The case of the food blogger

It has now been a few days of which people have been raising hell over an incident in the food blogging “industry”, so much so that it even appeared in The Straits Times, igniting debate of whether the blogging industry should be regulated. A rather stupid suggestion, because it is nearly impossible to regulate the internet properly.

I mean, who will follow the regulations and what will happen to those who fail to follow such regulations? We can’t police the internet. Even the Singapore government can only symbolically block porn sites but not ban them it its entirety.

Regulations aside, it amazes me to see the multitude of opinions, harsh and mild, lavished on this one incident. Sides have been taken and wars fought, but what for?

For those who are clueless, the general gist is this. A food blogger was invited to a food tasting session. He brings 3 guests. He was charged for the food and there was some unpleasantness over it.

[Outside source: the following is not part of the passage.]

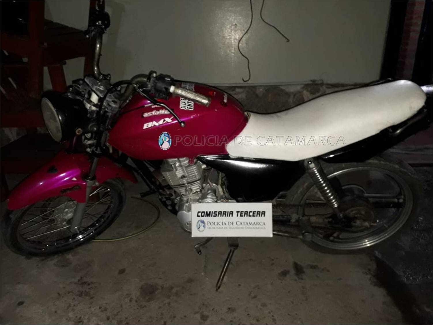 A la altura de la rotonda de ingreso a Banda de Varela, observaron a dos sujetos que circulaban a bordo de una motocicleta Motomel CG 150 cc., de colores rosado y negro.

No one knows for sure what happened other than the people who were present, so I don’t think it is right to jump into conclusions hastily. Xiaxue has a version of it, from “eyewitness”, and who knows what is the truth?

I would rather like to think this is a huge misunderstanding, as the blogger in question had pointed out. It’s a misunderstanding that occurs frequently because as humans we forgot to communicate effectively. Had the restaurant informed the blogger that it was “industry practice” (there’s such a practice and we need regulations to be drawn out?) to only waive the cost for the blogger + 1 of his friends, this would not have happen. Had the blogger asked and confirmed if all his friends would dine for free, this would not have happen. Misunderstanding happens all the time, forget and let live.

But I guess this interesting incident does help raise more awareness on social media, something that many people do not seem to understand as yet. I knew of this incident from a friend’s blog. She wrote about “Truth About Bloggers and Freebies“, a post which I feel does shed some light about blogging as a social media tool.

Even though I had not been popular enough to get invited to blog events, I have had read up many people’s blogs where they did attend such events. Blogs are not just diaries of people’s lives. Blogs have become a great tool to spread word of mouth, and it is something that every company should learn to harness. True enough, the bulk of the blogs are diaries, but they have so little readership it hardly matters. But when blogs become websites where people associate a certain degree of trust, it becomes a powerful tool.

I had once wrote in my EE3001 report about harnessing the power of blogs when I was the “Marketing Manager” of my project team. In it I highlighted how I would invite bloggers to come to my “event”, where I would host them for food and refreshments, and allow them to have hands on trials of our product. We would then allow them to write anything they wanted about our product – what they liked; what they didn’t like; what can we improve etc. Because they are allowed such freedom to write whatever they are feeling, it gives the element of credibility. And I, as a 23 year old undergraduate, can understand the power of using popular blogs. And I don’t see why others cannot.

If anyone wants to say there is no free lunch in this world, sadly yes there are literally free lunches in this world. I have been to one free dinner. Although it is not a lunch, but it was a free meal, with no strings attached. But anyway the point in question is not about a free meal. Indeed, as Xiaxue pointed out, bloggers can then proceed to give their unbiased opinion on their blogs, something that is worth money. Hence using free lunches to exchange for some publicity, I don’t think it is wrong. It is the same as asking a blogger to come and then paying him to write. But paying him to write eliminates any sense of credibility, so it would backfire.

Social media has been here for a few years, and it is here to stay. As we progress to become more connected to the internet through the use of data plans, twitters and other forms of information transfer, the internet has become a force to be reckoned with. Who knows, it might one day take over the traditional media.